> **Required action**
Return only these lines: the one that contains "Three-dimensional decomposition diagram" and every line after it through the end of the listing, exactly, without pictures.

> **Data block**
┄┄┄┄┄┄

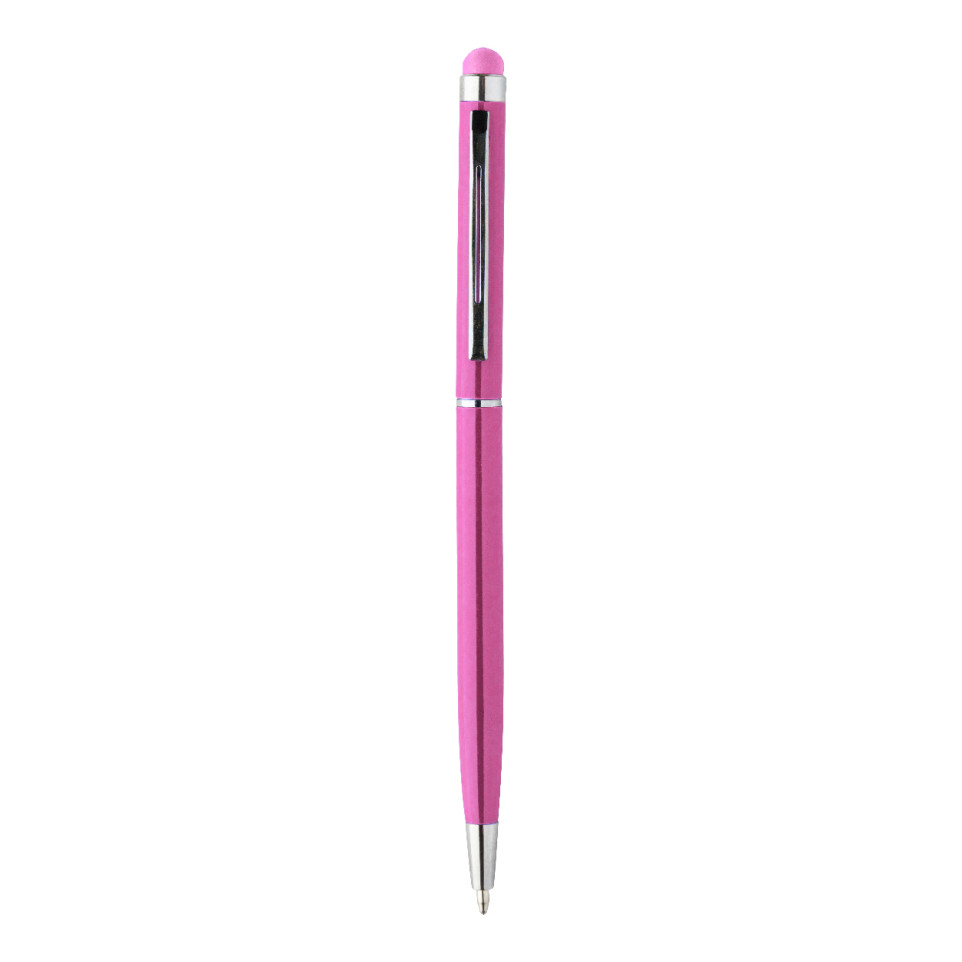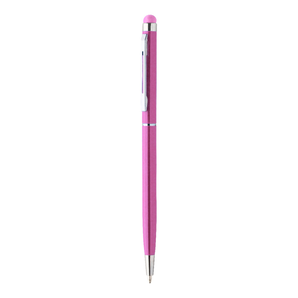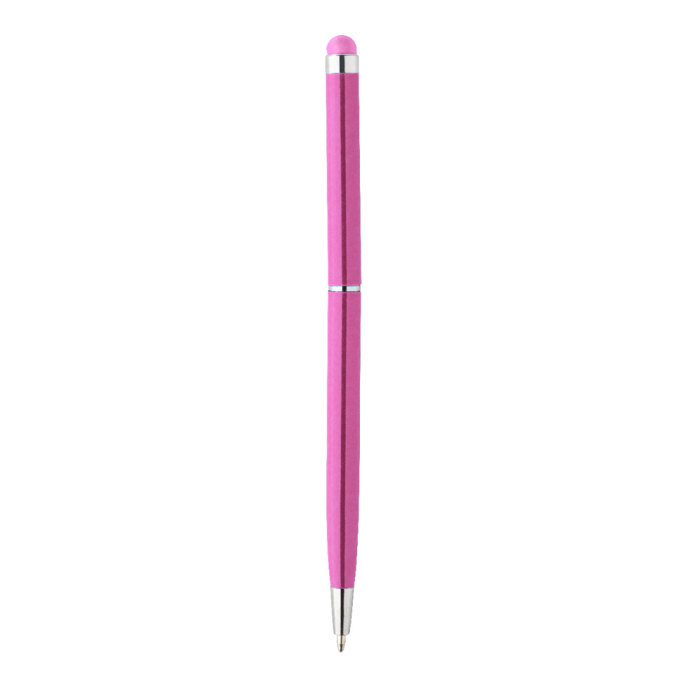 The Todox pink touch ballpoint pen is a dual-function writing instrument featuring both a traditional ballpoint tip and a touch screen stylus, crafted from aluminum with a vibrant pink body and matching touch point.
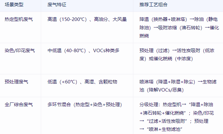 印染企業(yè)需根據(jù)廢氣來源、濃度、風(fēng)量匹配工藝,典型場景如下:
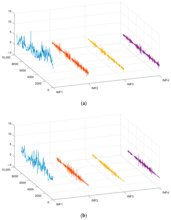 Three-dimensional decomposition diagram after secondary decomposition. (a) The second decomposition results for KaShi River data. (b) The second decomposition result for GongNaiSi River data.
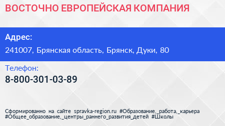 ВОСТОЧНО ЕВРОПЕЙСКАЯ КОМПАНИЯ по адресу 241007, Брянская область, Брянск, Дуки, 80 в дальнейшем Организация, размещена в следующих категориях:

┄┄┄┄┄┄

> **Written reply**
 Three-dimensional decomposition diagram after secondary decomposition. (a) The second decomposition results for KaShi River data. (b) The second decomposition result for GongNaiSi River data.
 ВОСТОЧНО ЕВРОПЕЙСКАЯ КОМПАНИЯ по адресу 241007, Брянская область, Брянск, Дуки, 80 в дальнейшем Организация, размещена в следующих категориях:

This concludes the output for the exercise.